It is clear to see that student performance is a poor measure of teaching ability as many other factors exist to influence this criteria. To blame teachers for poor performance of students based purely on teacher pedagogy (teaching methods) or lack of knowledge of content ignores a host of other possible reasons.

Passion, student behaviour and being fiery

One of the issues in classes today that stems from the home is that students have trouble accepting that a teacher has authority in the classroom. At home they argue with parents in a very democratic fashion. Students believe (wholeheartedly) that they have a right of reply to any misconception that they face.

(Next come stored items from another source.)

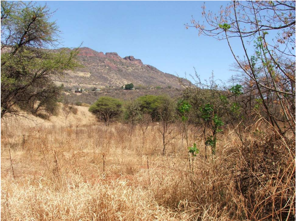
Photo 1. Proposed site for development.
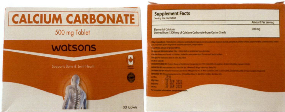
Figure 1. Unregistered WATSONS Calcium Carbonate 500 mg

The Food and Drug Administration (FDA) warns all healthcare professionals and the general public NOT TO PURCHASE AND CONSUME the unregistered food supplement:
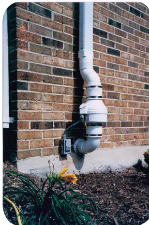
Typical fan and vent pipe.

Mitigation systems have been installed and operated at hundreds of homes near Superfund sites and other contaminated sites across the country.
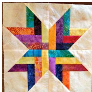
Sample of the bright batiks used in the next opportunity quilt.

A few guild members brought batiks for the opportunity quilt, but we need a lot more. Please bring one or two fat quarters of bright batiks to the December meeting so the quilt can be really scrappy. Please pre-wash all the
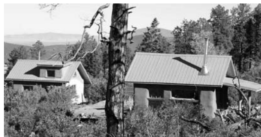
The Greensong and the Keyline
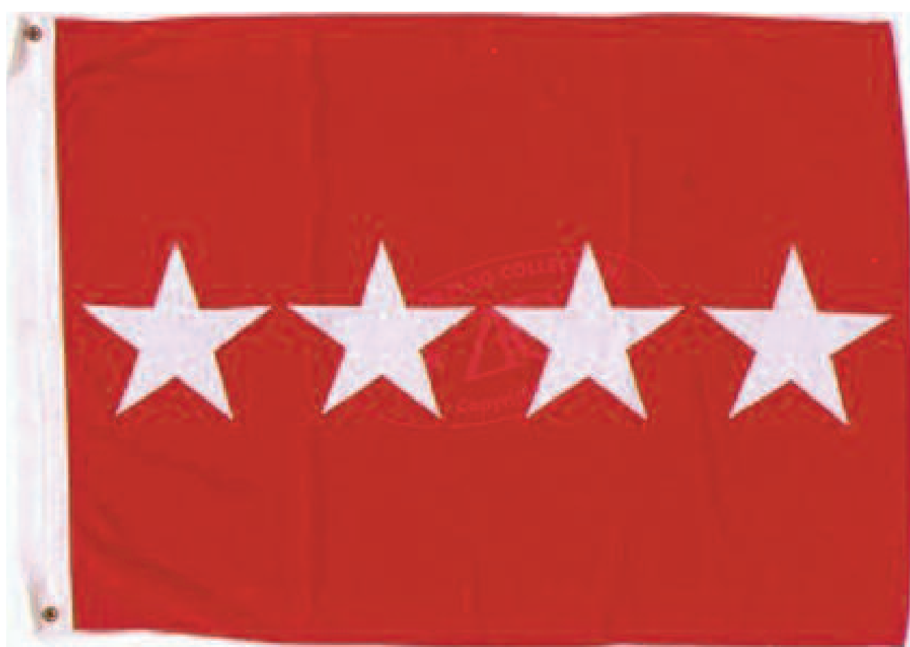
ZFC0518 U.S. Army General Personal Flag, Robert Eicherberger, 4 Stars, 1944-1945, WWII. This is a U.S. Army designating field flag for the grade of full general, which belonged to General Eichelberger. In the United States Army all general officers are entitled to display personal rank flags and a corresponding National Color.
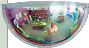
Half face wall mirror
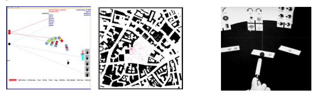
Figure 3 Linking the agent software in GRAIL (left). Interaction with CAD menus in ARTHUR (right)

The ARTHUR system has integrated a major CAD system (MicroStation) 5. enabling architects and engineers to directly create and manipulate a virtual (CAD) model during design and review sessions. The virtual model is displayed on top of the Augmented Round Table using the head mounted displays. By using a 3D pointer or finger gestures, the users are able to draw directly in the (augmented) real world, without having to use a separate CAD workstation. Virtual menus floating above the Augmented Round Table allow CAD tools to be selected, e.g. drawing b-spline curves, spheres and tori, as well as extruding surfaces and changing colors. After selecting a tool users are able to draw the appropriate objects in 3D space. Additionally, the users are able to move and delete objects The virtual menus are bound to placeholder objects (Figure 3 right) and therefore can be moved around on the table to get them into the view or move them out of the view to enlarge the working space. The system architecture will allow all tools and functionality of the CAD software to be integrated into the ARTHUR system, e.g. solid modelling, constraint solving, etc. As such, 'full fidelity' CAD models are created and interactively displayed by the system; there are no translation or conversion issues and the CAD models can be used directly in downstream design processes (Broll et al, 2004).
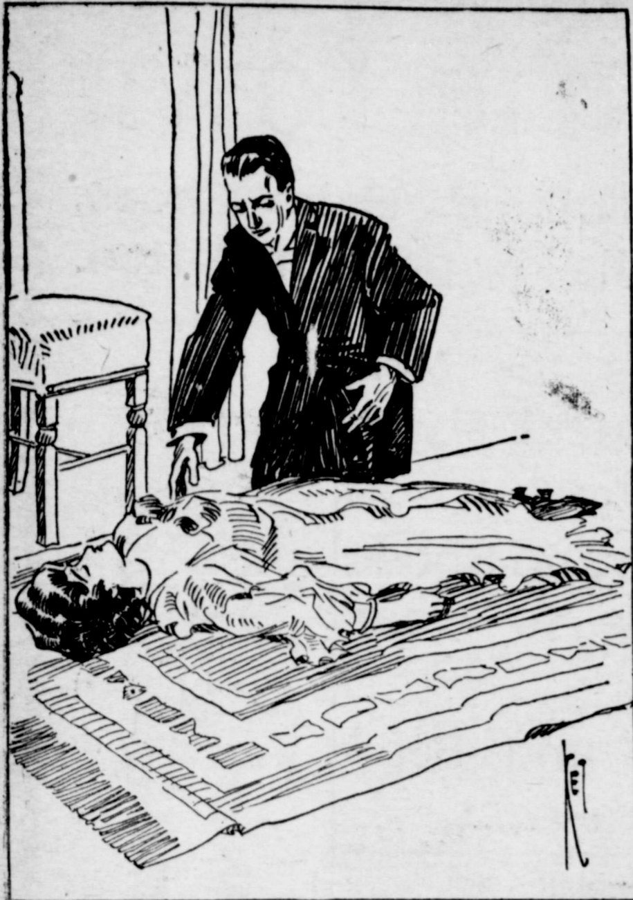
In a Stride He Was Beside Her.
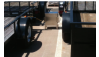
Alarm can be tethered directly to item
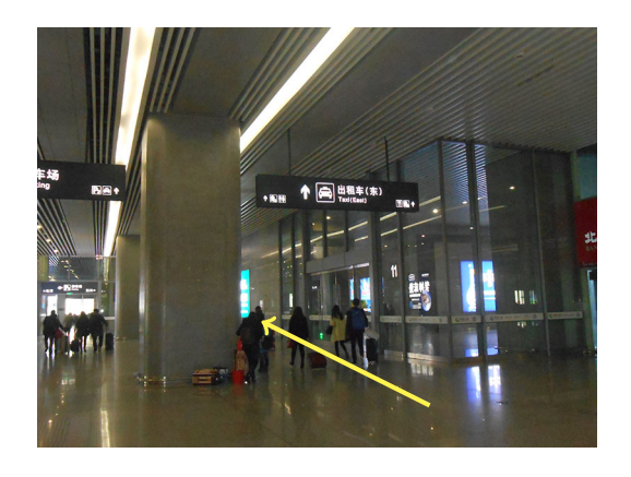
Figure 23: Go through the ticket check.
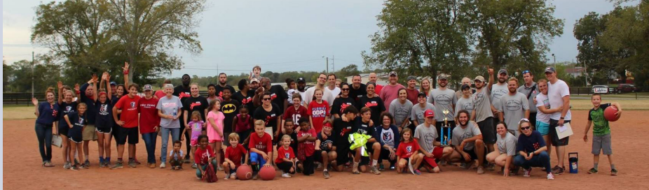
Players and Fans at the 2017 Founders Week Kickball Kickoff
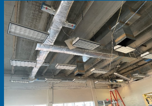
New Ductwork installed in cafeteria
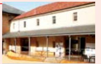
The Queen's Warehouse (1869-70)

The Bond Store (1824-26) Access via the Courtyard Originally served as a Government store for bonded goods such as tobacco and spirits. The Bond Store galleries feature permanent exhibitions exploring 19th century Tasmanian history.
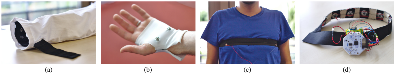
Figure 2: Wearables. a: coat embedding ECG sensors; b: fingerless glove measuring EDA; c: breathing belt; d: EEG headband.

as break rooms or living rooms. Different colleagues or family members could work together onto shaping the world, and then the world would evolve according to their states – monitored using wearable sensors such as smartwatches – e.g. Empatica’s E4 1 . This could lead to interpersonal interactions, both in working together to improve the garden and cultivating empathy between participants.
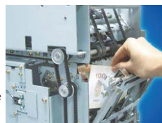
Easy solution of bill jams
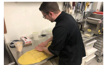
Bridging the Gap: Teacher Externships Help Shape the Workforce of Tomorrow
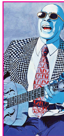
Original art by Artist Samuel Pace, Los Angeles, CA

Are you looking for original oil or watercolor painting, pottery or one of a kind sculpture? What about custom jewelry, glasswork or mixed media? The Northwest is home to many talented fine artists and crafters. The Festival invites and proudly presents a limited and select number of professional artists from Washington, Oregon, Idaho and California to display and sell their art during the Festival.
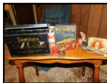
Sunshine Krispy Crackers tin
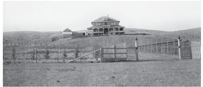
Hounsfield Lodge, 1905-1906
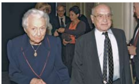
Rose and Milton Friedman at the Power of Choice premier.

Over 300 guests from across the nation gathered for dinner at the Ritz-Carlton in San Francisco to catch a sneak preview of the PBS documentary, and to hear special tributes to Dr. Friedman's
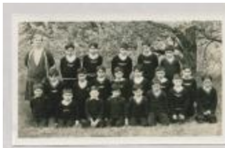
Miss Storkissen & Primary Boys' Class (38f-c000126-d0001-001)
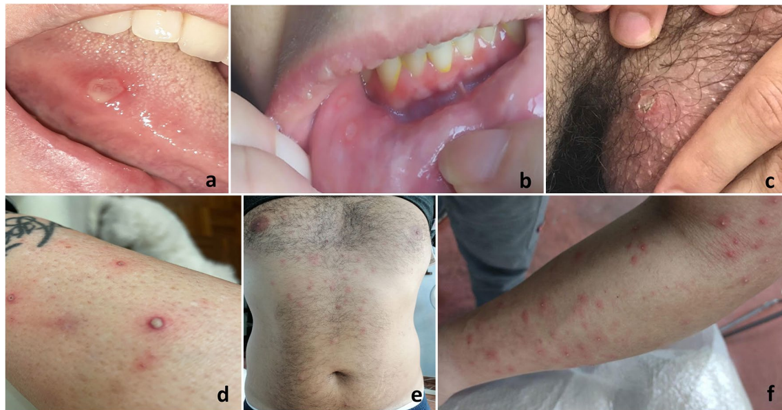
Fig. 1 Mucocutaneous manifestations in Behcet's disease: minor oral ulcer with a yellow base under the tongue, surrounded by an erythematous halo (a); multiple minor oral ulcers located on the buccal mucosa (b); single oval ulcer of the scrotum with erythematous bor-

ders and yellowish pseudomembranes overlying a necrotic base (c); typical pseudofolliculitic lesions with pustules surrounded by erythema (d); pseudofolliculitis localized on the trunk (e); pseudofolliculitis of the arm (f)
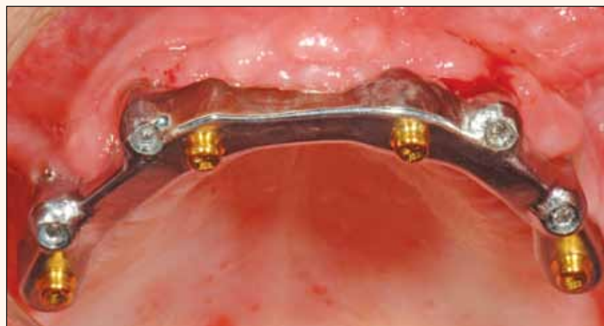
Fig. 1: The bar screwed on the implants on the upper jaw with the four OT Equator attachments.

tulous, however, it is our duty to try to improve the quality of his life by restoring proper chewing function (without further jeopardizing health) and to im-
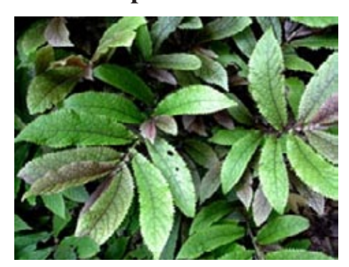
Parataniwha ( Elatostema rugosum ), New Zealand's 5th favourite plant in 2006.

Voting for New Zealand's favourite indigenous plant is now open for 2007 via the website of the New Zealand Plant Conservation Network (see <a href="https://www.nzpcn.org.nz">www.nzpcn.org.nz</a>). Please help us find New Zealand's favourite indigenous plant for 2007.
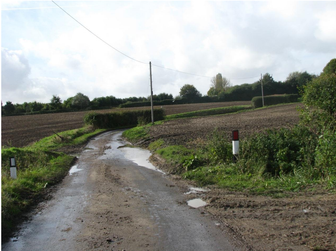
Figure 6 - Shows area of disturbance from field entrance and agriculture up to the edge of the lane (BTELane 64)

Description of erosion damage – this was a description of erosion damage to the structure of the lane from vehicular traffic along the length of the unit of assessment. The description included information on damage to banks, verges and surfaces.
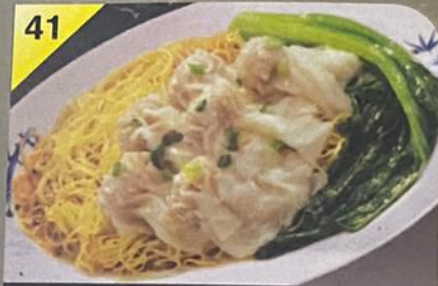
港式云吞面 (干) H.K. Style Wonton Noodles (Dry) $4.50
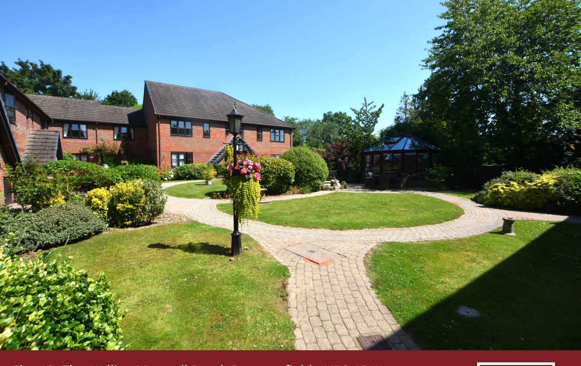
Flat 12, The Hollies Maxwell Road, Beaconsfield - HP9 1RH Guide Price £230,000
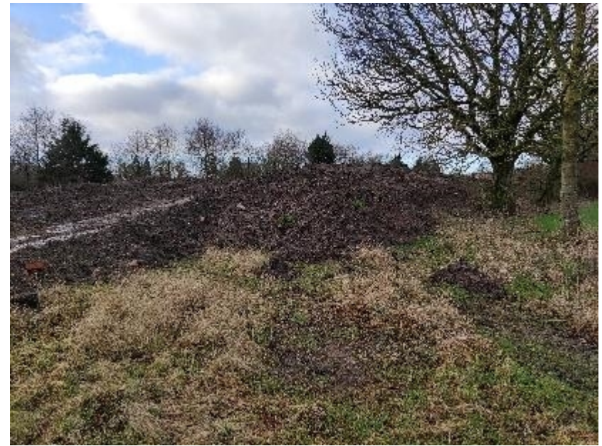
Landscape bund currently under construction
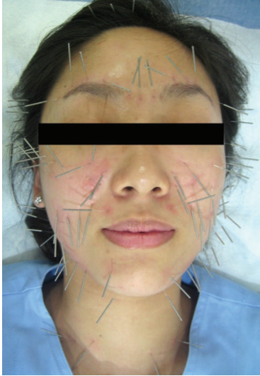
FIGURE 1: Facial cosmetic acupuncture applied in this study.

Clinical Practice guidelines and the revised version of the Declaration of Helsinki. The trial protocol was approved by the Institutional Review Board of Kyung Hee University Hospital at Gangdong (KHNMU-OH-IRB 2011-007). Written informed consent was obtained from all participants prior to enrollment, and participants were given ample time to decide about participating before signing the consent form.
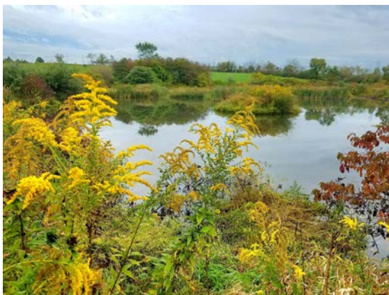
A variety of art forms at the February exhibit illustrate the Old Crow Wetland through the seasons

To enter the Art Cat Jazz Club, walk down the steps continued on Page 5
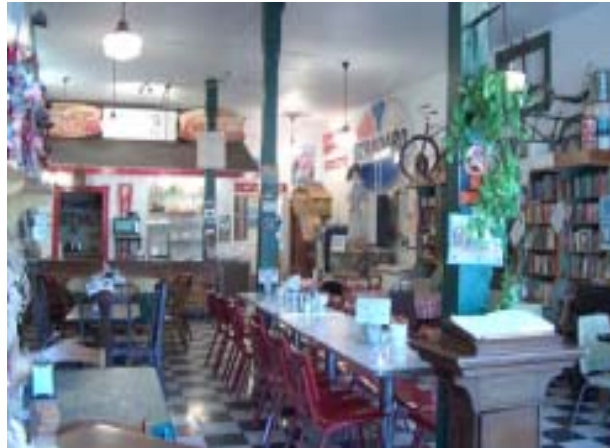
Inside Memorabilia of our fine City
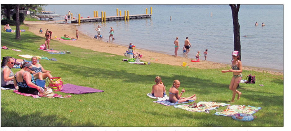
The beach in Lance Park in Twin Lakes has a relatively small strip of sand, but it the large grassy areas provide a place to sit and watch children in the water.

Daily rates are $10 for those 12 and older and $5 for ages 6-11. Changing rooms are available.
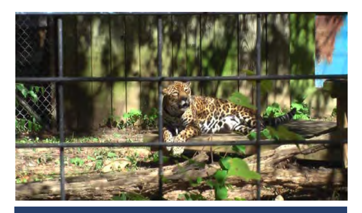
The jaguar is likely able to reach his leg through the wide gaps in the fencing at Catoctin Zoo.

In 2009, an animal care worker at Catoctin Zoo was critically injured by one, and possibly two, jaguars after she failed to secure the animals' inside area before working in it. Both jaguars entered the area and the woman was attacked by the nearly 200-pound male jaguar and possibly the female jaguar as well. Employees used a shovel, a 2-by-4 piece of lumber, and a fire extinguisher to fend off the jaguars. The keeper spent 10 days in the hospital for injuries to her face and upper body. The

I must admit this gets me fired up especially in my 'A' class. Any student willing to take responsibility for the care, nurture, learning needs and welfare of thirty students, get a degree as a minimum requirement for teaching can have my job if they can prove they would do it better. Until they do this, if I ask a student to be quiet or stand in the hall, see the team leader, copy off the board or attempt a question they may believe they can't do, I expect them to attempt to follow my expectation.

They will fail sometimes, and this is ok. This does not give them a right to argue and waste teaching time. It should prompt some introspection as to why they didn't understand how to do it and hopefully seek assistance from friends, pay more attention when solutions are put on the board or seek assistance at an opportune moment during class or after class. Maybe it would be a good idea to get them to journal why they have had such trouble understanding a concept and identify ways they could better understand a topic. Bringing the correct materials to class (eg. CAS calculators, pens, paper, texts), paying attention during instruction, fostering friendships with those that do understand, reading their notes (and keeping them in a place they can be used) - attending school regularly (my favourite) and catching up after sickness may be a good start.

These students do not have a right to insist on help at a time that suits them. To use a claim for help to justify poor or avoidant behaviour is not acceptable. I would love to be able to provide just-in-time intervention to every student all of the time. In a class of thirty it just is not possible. The belief that getting instant help is a right is infuriating and I don't know where it is being fostered. Maybe I should enquire into how many are only children (and thus do not have to compete for attention) and also examine my own methods of helping during practice time (maybe I am a contributer to the problem!).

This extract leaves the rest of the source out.